This problem is from Velleman's "How to prove it" Sec 4.6 Prob 17. I'm stuck at a point
Suppose $\mathcal{F}$ and $\mathcal{G}$ are paritions of a set $A$. Define a new family of sets $\mathcal{F}\cdot\mathcal{G}$ as follows:
$\mathcal{F}\cdot\mathcal{G} = \{Z \in\mathscr{P}(A) \mid Z\neq\emptyset \text{ and } \exists X\in\mathcal{F}, \exists Y\in\mathcal{G}\,(Z=X\cap Y)\}$
Prove that $\mathcal{F}\cdot\mathcal{G}$ is a partition of set $A$.
It is obvious that $\mathcal{F}\cdot\mathcal{G}$ is pairwise disjoint and that $\emptyset\notin\mathcal{F}\cdot\mathcal{G}$.
For proving $\cup_{Z\in\mathcal{F}\cdot\mathcal{G}} Z = A$, I'm proving LHS is a subset of RHS and vice versa.
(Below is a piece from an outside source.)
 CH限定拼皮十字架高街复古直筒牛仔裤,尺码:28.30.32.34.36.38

I'm stuck at the evaluation of $\cup_{Z\in\mathcal{F}\cdot\mathcal{G}} (X\cap\ Y)$ by using distributive property of union over intersection as cardinality of $\mathcal{F}\cdot\mathcal{G}$,$\mathcal{F}$ and $\mathcal{G}$ may not be same.
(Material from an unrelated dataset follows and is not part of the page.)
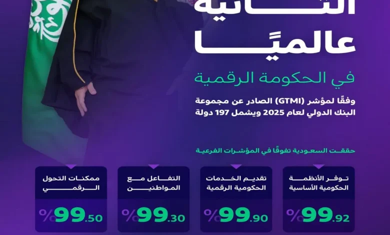 ووفقًا لبيانات تقرير البنك الدولي، حققت السعودية تفوقًا في المؤشرات الفرعية جميعها، لتصنف ضمن مجموعة الدول “المتقدمة جدًا” بنسبة بلغت (99.64%) على مستوى المؤشر العام، من حيث البنية الرقمية، والأنظمة الحكومية الأساسية، وتقديم الخدمات الإلكترونية، والتفاعل مع المواطنين، وهي من أعلى النتائج المسجلة عالميًا.
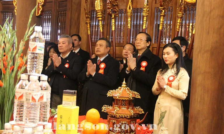 Các đại biểu dâng hương tại Đền Chi Lăng

I don't want to prove it by proving the relation over A induced by $\mathcal{F}\cdot\mathcal{G}$ as an equivalence relation as it is alluded to in problem 19 of the same excercise.
Let $a$ be an arbitrary element of $A$.
Then $a\in X$ for some $X\in\mathcal F$ and $a\in Y$ for some $Y\in\mathcal G$.
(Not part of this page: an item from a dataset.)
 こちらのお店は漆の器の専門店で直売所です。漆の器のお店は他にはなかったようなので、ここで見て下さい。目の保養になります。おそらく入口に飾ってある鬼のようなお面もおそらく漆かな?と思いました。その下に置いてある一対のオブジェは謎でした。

We conclude that $a\in X\cap Y\in\mathcal F\cdot\mathcal G$ which proves that $\mathcal F\cdot\mathcal G$ covers $A$.
Conversely every set $Z\in\mathcal F\cdot\mathcal G$ is evidently a subset of $A$ so that $\bigcup(\mathcal F\cdot\mathcal G)\subseteq A$.